> EXERCISE GOAL:
When you transcribe the data below, reproduce every line exactly and leave each picture out.

> SUPPLIED MATERIAL:
[Start of section]

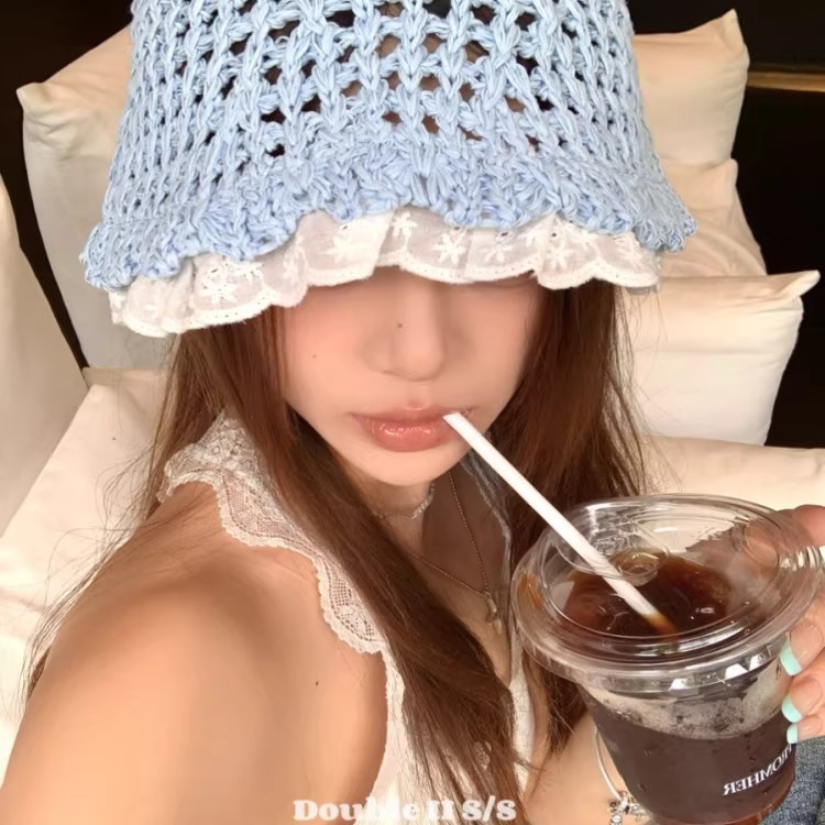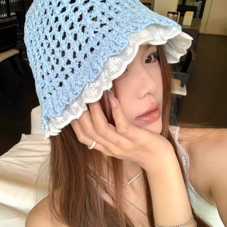 草编大沿甜美蕾丝花边草帽女出游镂空防晒遮阳沙滩折叠透气太阳帽
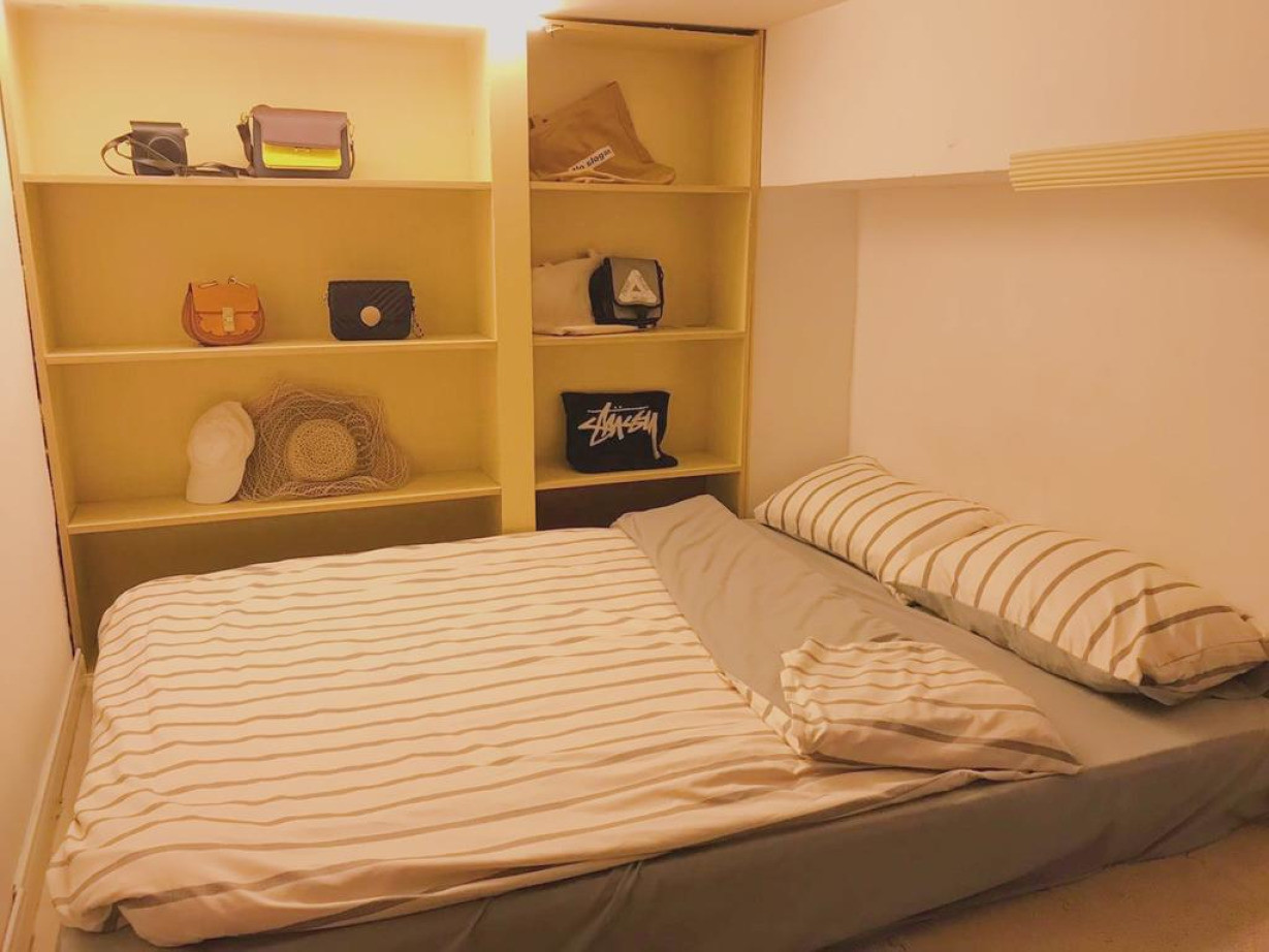1 большая двуспальная кровать и 1 футон
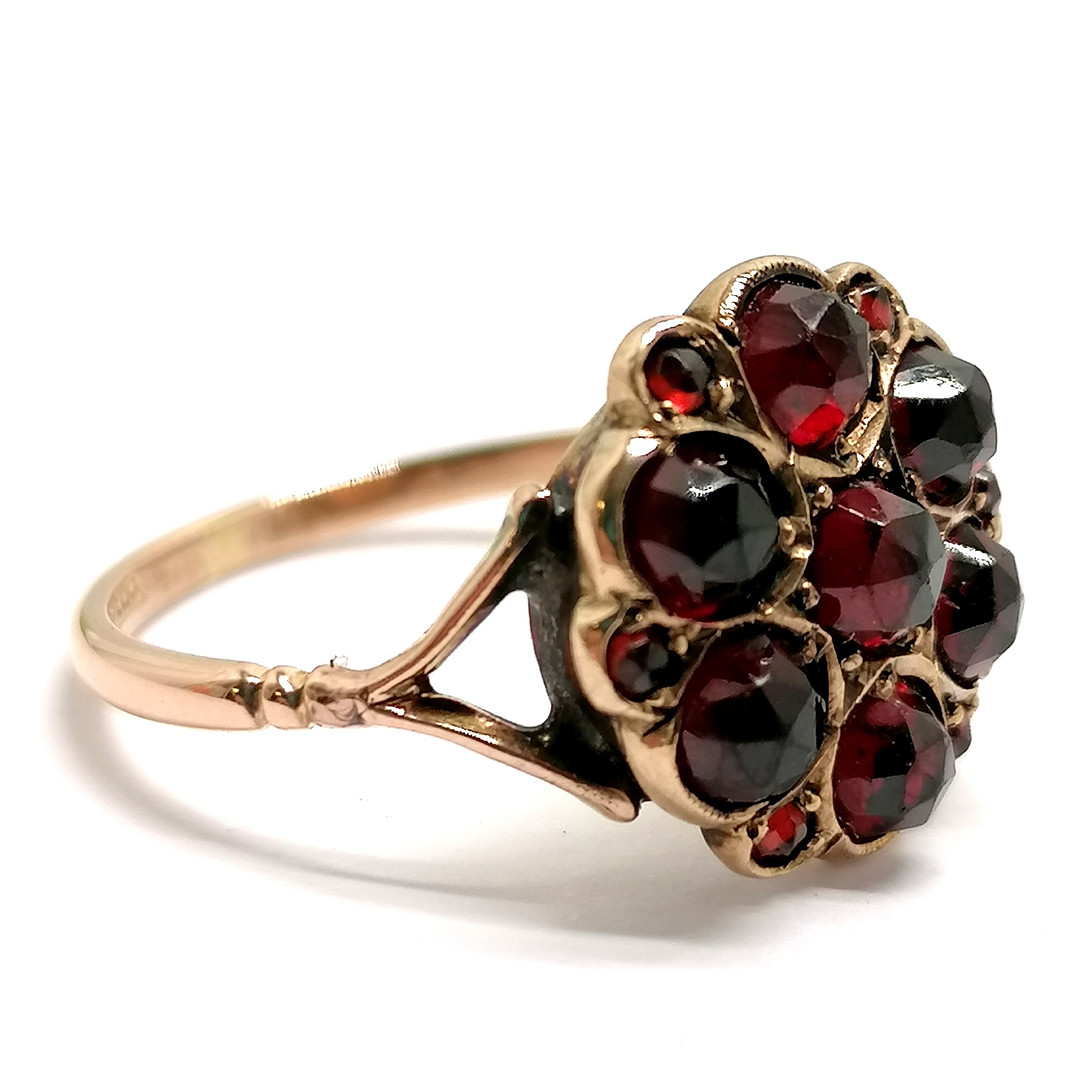4338175. ANTIK 9CT GULD GRANATKLUSTERRING.
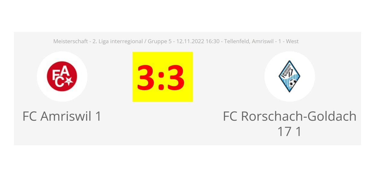 3:3 hiess es heute Nachmittag in Amriswil am Schluss. Die Tore für den FC RG 17 schossen Oli Baumann und Adi Morina zum frühen 0:2. In der 2. Halbzeit war es dann Andrea Lo Re, der mit dem Ausgleich zum 3:3 den einen Auswärtspunkt sicherte. Chancen für einen Sieg wären da gewesen. Der Matchbericht von Pfütz Keel wird nachgereicht.

[End of section]

> WRITTEN ANSWER:
 草编大沿甜美蕾丝花边草帽女出游镂空防晒遮阳沙滩折叠透气太阳帽
1 большая двуспальная кровать и 1 футон
4338175. ANTIK 9CT GULD GRANATKLUSTERRING.
 3:3 hiess es heute Nachmittag in Amriswil am Schluss. Die Tore für den FC RG 17 schossen Oli Baumann und Adi Morina zum frühen 0:2. In der 2. Halbzeit war es dann Andrea Lo Re, der mit dem Ausgleich zum 3:3 den einen Auswärtspunkt sicherte. Chancen für einen Sieg wären da gewesen. Der Matchbericht von Pfütz Keel wird nachgereicht.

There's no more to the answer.